• [YOUR GOAL]:
Every line from the line containing "Figure 5 High" through the final line below must be returned exactly, and no other line.

INFORMATION PROVIDED section start

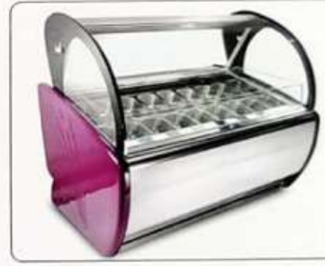
Ice Cream Display Counter
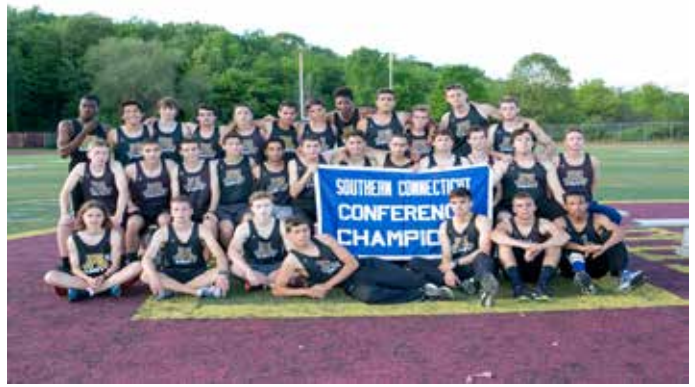
Amity Regional won its 10th SCC outdoor track & field title since 1995.
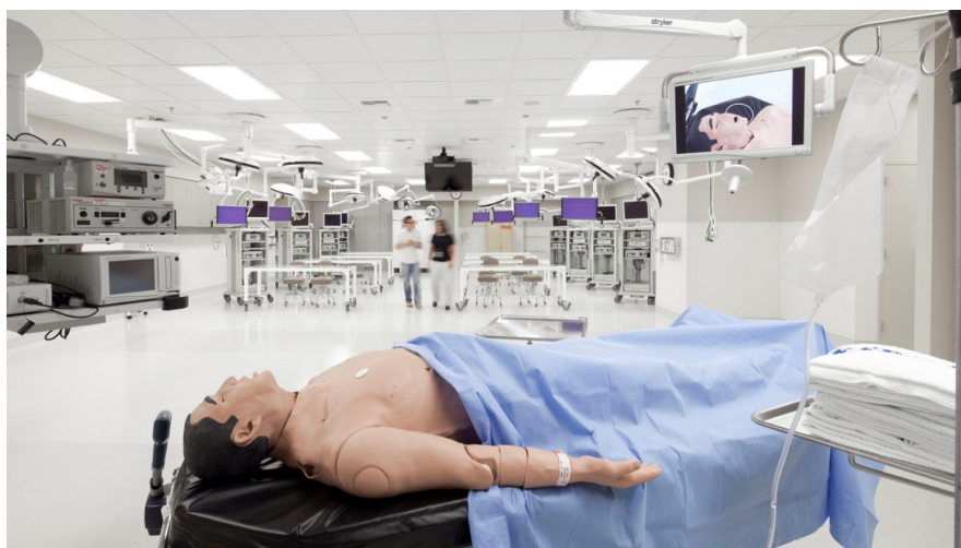
Figure 5 High fidelity mannequin in a state-of-the-art simulation facility.

developing brain. 68–70 Initial research demonstrated harm to the brains of young animals. 71–74 This raised concern that young children might also be at risk when exposed to anesthetic agents. 75 Following the publication of these concerning findings, human studies were initiated. 76–79 The results have often revealed conflicting conclusions, with some showing long-term deficits in learning and behavior while others have not. 80 This is a difficult area of study, because children who receive sedation and anesthesia commonly have pathologic conditions for which they require surgery. They may therefore be fundamentally distinct from their healthy peers. Adverse neurologic outcomes are also difficult to recognize

INFORMATION PROVIDED section end

• [YOUR RESPONSE]:
Figure 5 High fidelity mannequin in a state-of-the-art simulation facility.

developing brain. 68–70 Initial research demonstrated harm to the brains of young animals. 71–74 This raised concern that young children might also be at risk when exposed to anesthetic agents. 75 Following the publication of these concerning findings, human studies were initiated. 76–79 The results have often revealed conflicting conclusions, with some showing long-term deficits in learning and behavior while others have not. 80 This is a difficult area of study, because children who receive sedation and anesthesia commonly have pathologic conditions for which they require surgery. They may therefore be fundamentally distinct from their healthy peers. Adverse neurologic outcomes are also difficult to recognize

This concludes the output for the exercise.